Play me a story
Next month, I’ll be speaking at the Library of Congress on the topic of storytelling through game. I’m a relative newcomer to game, but that doesn’t prevent me from having a great many opinions–as can be seen in this interview and this post. And of all the laundry list of potential topics I offered them when we were discussing programming, this was the one they chose.
I suspect I’m a fitting ambassador to the literary crowd when it comes to game: I’m one of their own, and we understand one another. And I’m able to talk about game, particularly as it relates to storytelling, in ways that make sense to non-gamers: especially non-gamers of the literary variety.

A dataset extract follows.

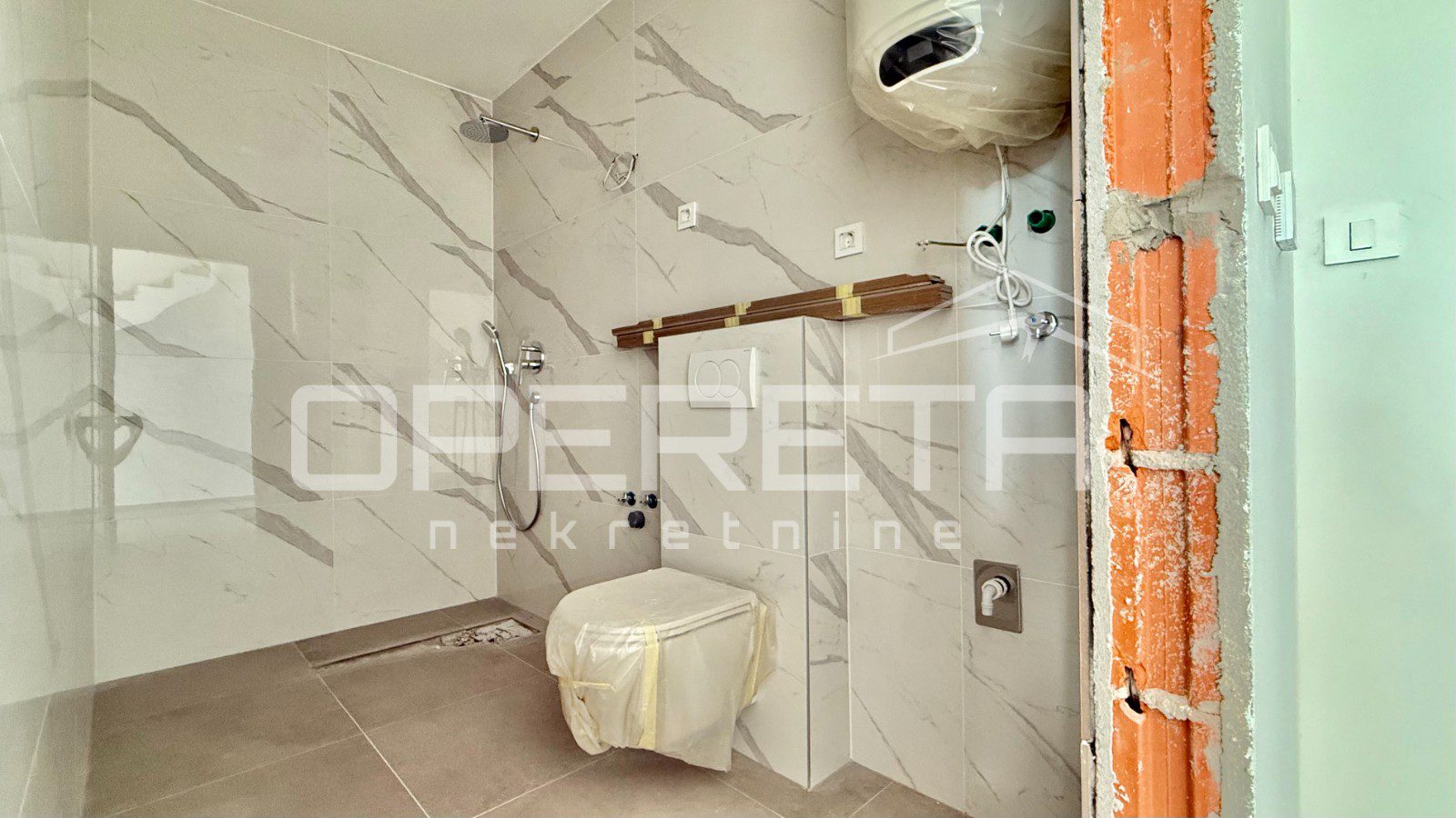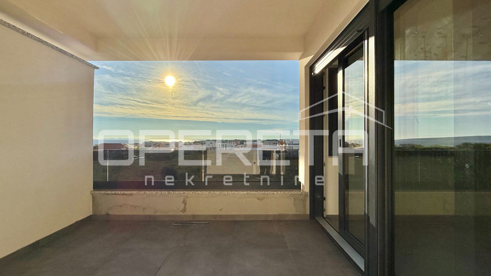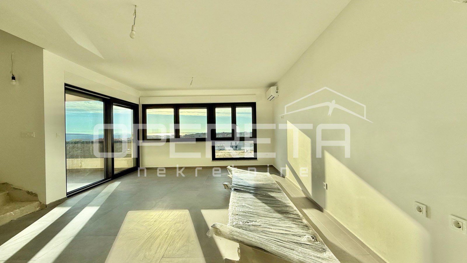 Apartment S8 consists of two bedrooms, a living room with a kitchen, a bathroom, and a large terrace.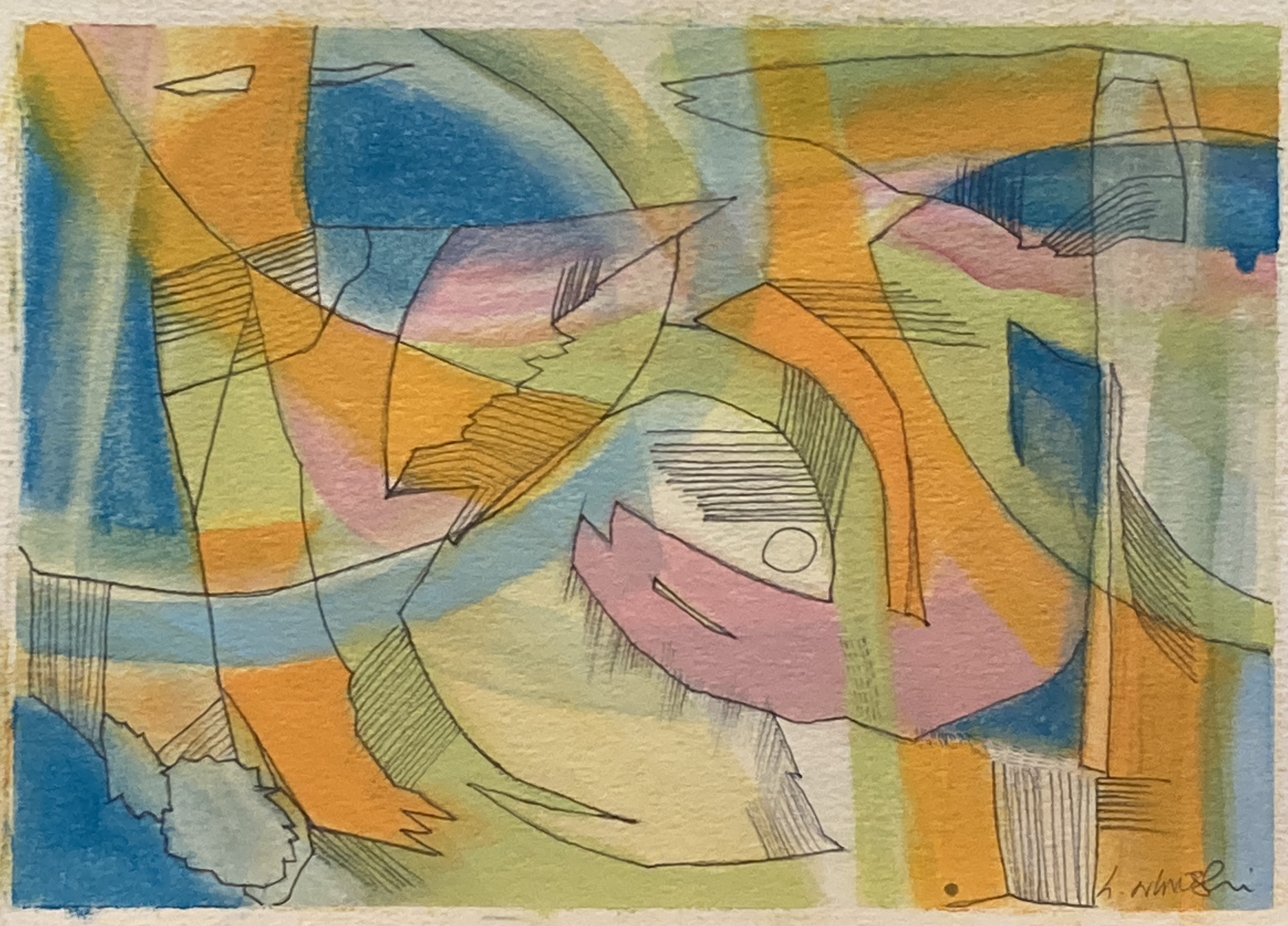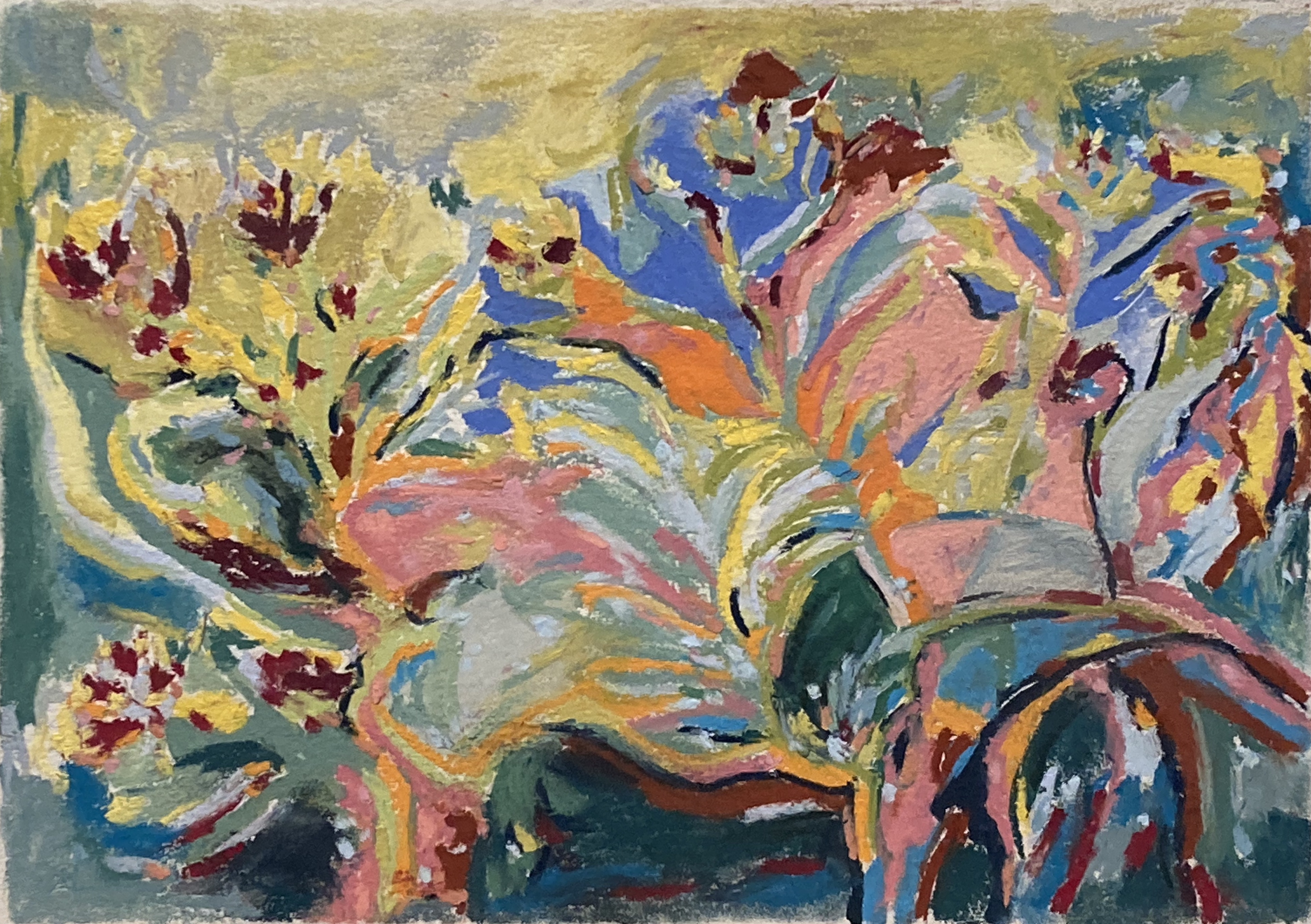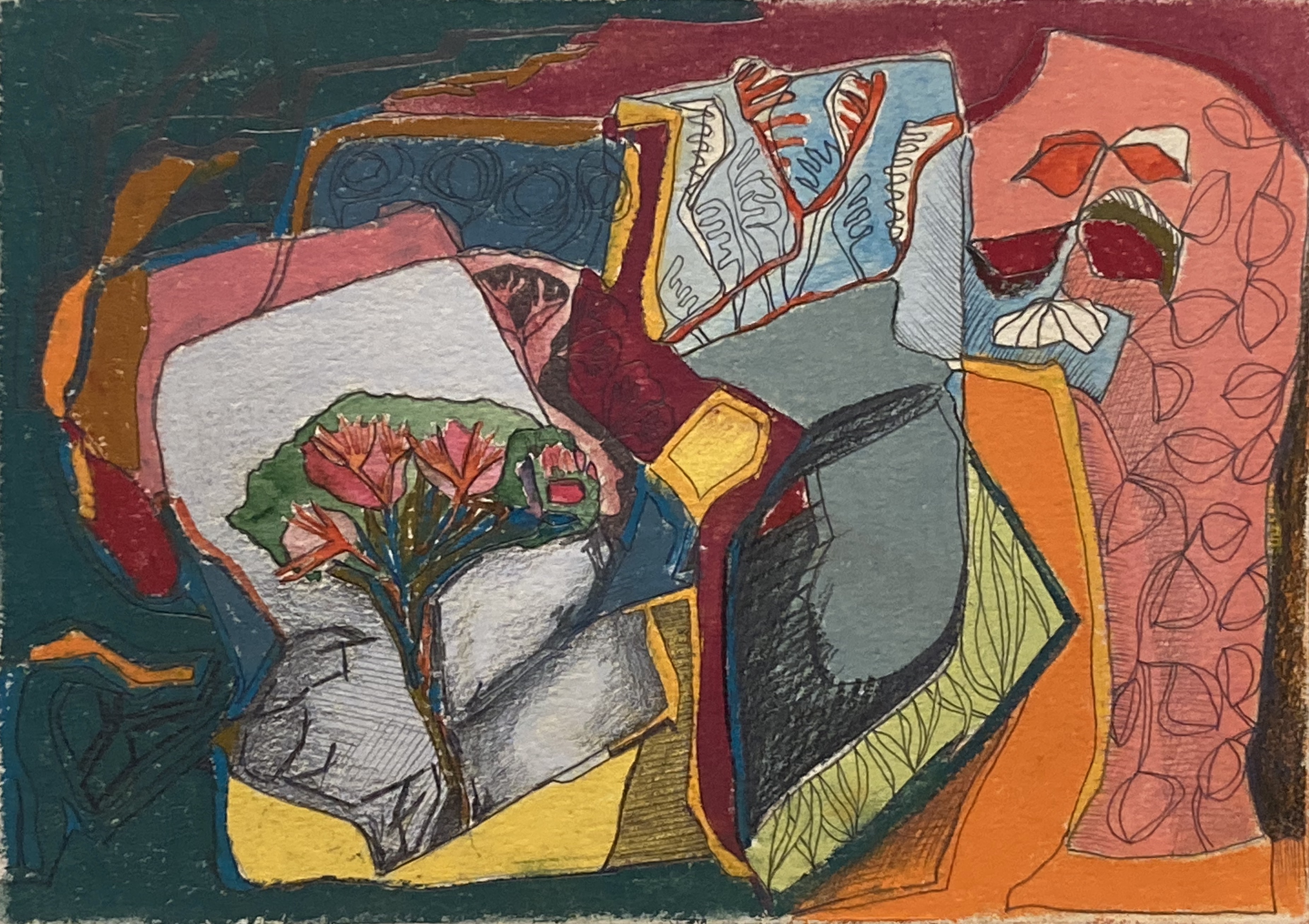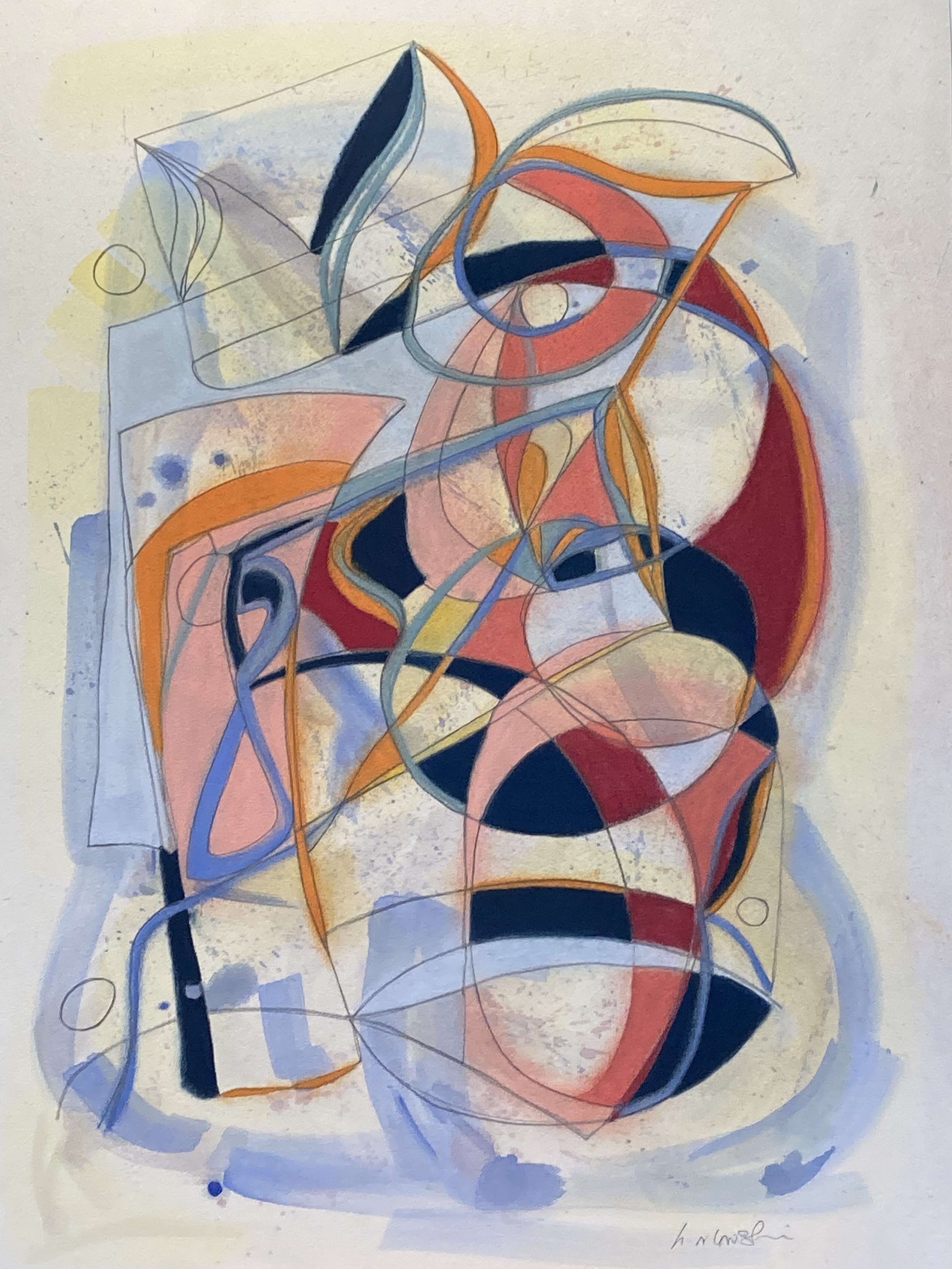 In the early 2010’s dramatic colour workings, strong forms, banged into my vision with the Sierra de Guara series. From 2014 with my many visits to Poland came music, soothing the makings of the Kazimierz series – Dustin O’Halloran and ‘Lumiere’. More recently, Anouar Brahem’s ‘Le pas du chat noir’ has carried me into a new approach to mark-making.

One of the things I’d like to do for this very literary crowd I’ll be addressing is to offer them a list of games that do an effective job of telling stories. I’ve got a little list of my own, but I’d like to get more game-wise minds to contribute as well. So here is the question, and I hope you’ll address it in the comments wherever this post comes into your feed:
What games do the best job of telling a story? I’m particularly looking for games that do one or more of:
(a) give the player a rich experience of an existence not their own, the way we can in a well-written novel
(b) make the player truly engage with the problem set
(c) make the player explore serious questions, whether they are questions of morality and ethics or other topics that truly engage the mind and heart
(d) give the player a story experience s/he would never have in a novel
Game doesn’t get the respect it deserves as a storytelling medium. This is an opportunity to help shift the thinking of some fairly influential minds. If you could get a literary snob to play just one game, what would you offer them as a gateway drug? Add your suggestions in the comments–or, if you’re having a fit of shyness, email me.
And if you happen to be within range of the Library of Congress, I’ll be there on April 12th, appearing at their “What If?” speakers series. I think the presentation is at noon, but I’ll be there most of the day. Stop in and say hi.